Na lista são citados ainda a eutanásia e o suicídio assistido, confusamente definidos por algumas leis como “morte digna”, recordando que o “o sofrimento não faz perder ao doente aquela dignidade que lhe é própria de modo intrínseco e inalienável”.
Fala-se, portanto, da importância dos cuidados paliativos e para evitar “toda obsessão terapêutica ou intervenções desproporcionais”, reiterando que “a vida é um direito, não a morte, a qual precisa ser acolhida, não aplicada”. Entre as graves violações da dignidade humana, encontra lugar também o “descarte” das pessoas com deficiência.
Teoria de gênero
Depois de reiterar que em relação às pessoas homossexuais deve ser evitada “toda marca de injusta discriminação” e particularmente toda forma de agressão e violência, denunciando “como contrário à dignidade humana” o fato de que em alguns lugares pessoas “são encarceradas, torturadas e até mesmo privadas da vida unicamente pela sua orientação sexual”.

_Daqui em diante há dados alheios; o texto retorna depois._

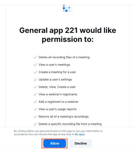 以下画面が出てきたら、青ボタンの「Allow」をクリックです。
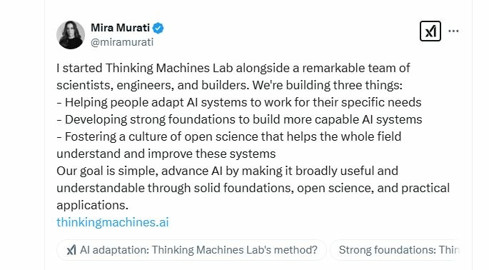 Inxhinierja shqiptare, Mira Murati ka lansuar projektin e saj me inteligjencë artificiale, të quajtur “Thinking Machines Lab”.
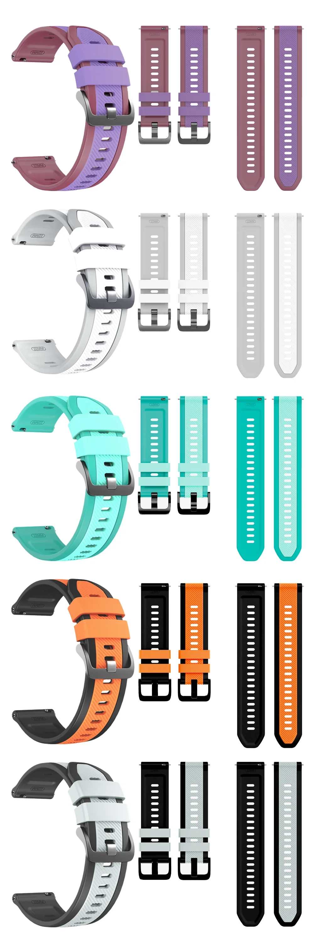 Correa de silicona de 22mm para Samsung Galaxy Gear S3 Classic/Watch 3 45mm banda de goma para HUAWEI Watch GT6 pro/GT6 5 4 3 46mm pulsera
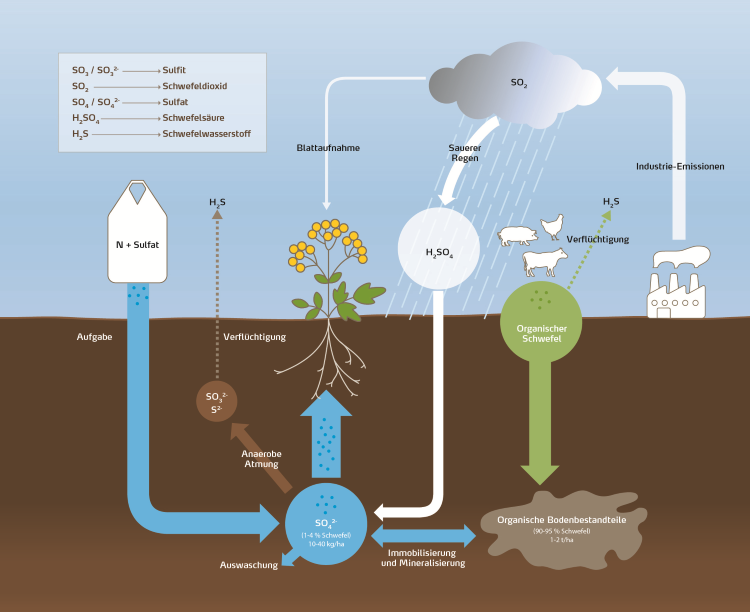 Schwefel im Boden kann unabhängig davon, ob er als elementarer Schwefel, organischer Dünger oder Sulfat zugeführt wurde, nur in Form von Sulfat von den Pflanzen aufgenommen werden. Wird Sulfat direkt eingebracht, ist eine gute Verwertung gewährleistet.

Ao mesmo tempo, a Igreja evidencia os intensos pontos críticos da teoria de gênero, “que é perigosíssima porque cancela as diferenças na pretensão de tornar todos iguais”. A Igreja recorda que “a vida humana, em todos os seus componentes, físicos e espirituais, é um dom de Deus, que se deve acolher com gratidão e colocar a serviço do bem. Querer dispor de si, como prescreve a teoria de gênero (…) não significa outra coisa senão ceder à antiquíssima tentação do homem que se faz Deus”.
O documento explica que a teoria do gênero quer “negar a maior das diferenças possíveis entre os seres viventes: a diferença sexual”. “Tal diferença fundante é não só a maior, mas a mais bela e a mais potente: na dualidade homem-mulher, ela alcança a mais admirável reciprocidade e é assim a fonte daquele milagre, que não deixa de surpreender-nos, qual é a chegada de novos seres humanos ao mundo. Neste sentido, o respeito ao próprio corpo e àquele dos outros é essencial diante da proliferação dos pretensos novos direitos, propostos pela teoria de gênero”.
Violência digital
O elenco se completa com a “violência digital”, e cita as novas formas de violência se difundem através das redes sociais, por exemplo o cyberbullying, a difusão da pornografia e de exploração das pessoas para fins sexuais ou através dos jogos de azar.
A declaração se encerra exortando “a colocar o respeito pela dignidade da pessoa humana, para além de toda circunstância, ao centro dos esforços pelo bem comum e de todo ordenamento jurídico”.